Sep 26, 2010 00:10
Reading what I've written I realized there was a problem: Everything is much too generic. Yeah, I think my rules of magic and the story itself are interesting and original, but unless I shake Skein up mightily, I am in danger of creating yet another interchangeable Euro-centric costume piece.
So what to do? Make my magic more weird? Introduce mythic beings -- maybe from the Eastern European traditions of my father's parents?
Thinking of my father's parents got me thinking about my own. And their deep love for the place they met: West Africa. Specifically what is now Ghana and Cote d'Ivoire.

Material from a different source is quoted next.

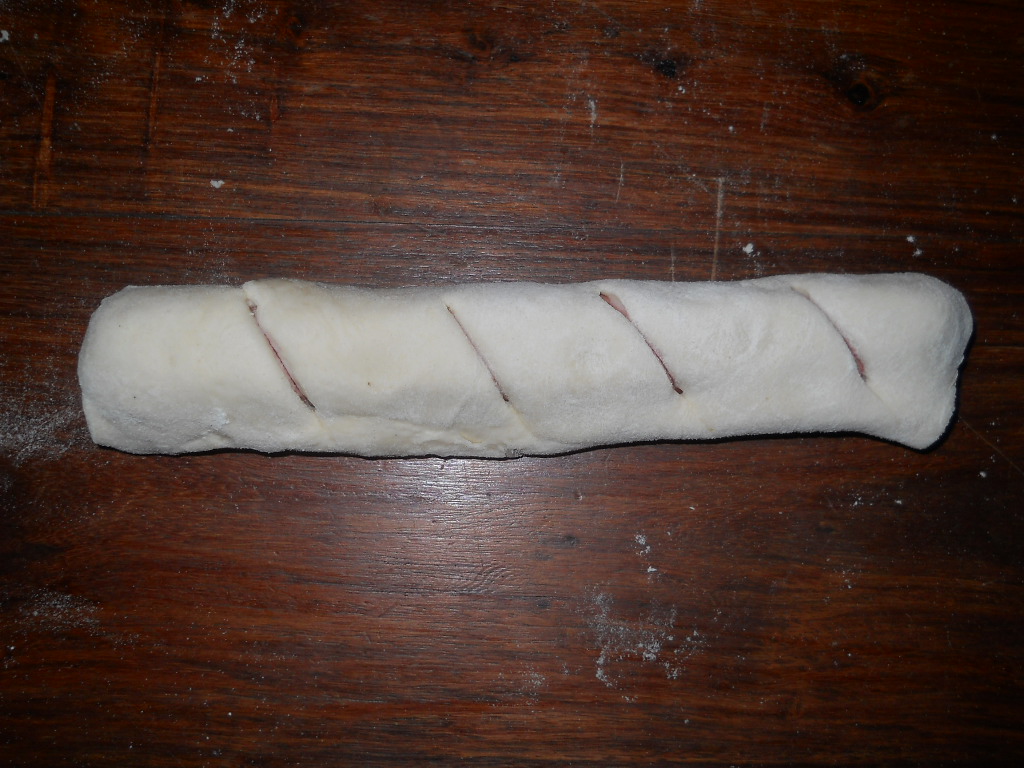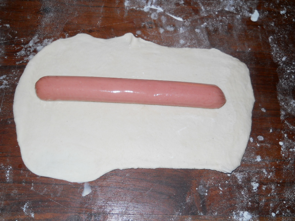 Quando l'impasto e' pronto stenderlo bene e ricavate 8 rettangoli in modo di avvolgere bene i wurstel e tagliate la pasta in eccesso poi fate dei tagli trasversali in modo di tagliare bene anche i wurstel per una cottura migliore
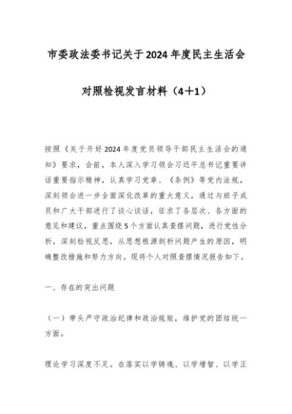 / 市委政法委书记关于2024年度民主生活会对照检视发言材料(4+1)

I wouldn't be too literal, of course. Just as most Euro-centric fantasies take elements from a variety of traditions and cultures to create the medieval world so familiar to western readers, I'll blend aspects of Ibo and Yoruba and other cultures of the region; [edit to add: This next phrase is a howling mistake. I chose not to correct it, but I do straighten out what I meant to say in the comments.] probably blend in aspects of the Benin and Mali Empires before Islam for my politics. I may include some European technology -- like wheels.
It's still in the brainstorming stage, but what I'm talking about is a ground-up rewrite; what I was taught to call a redrafting. It will be the same story -- maybe even the same characters -- but re-imagined in a completely different world.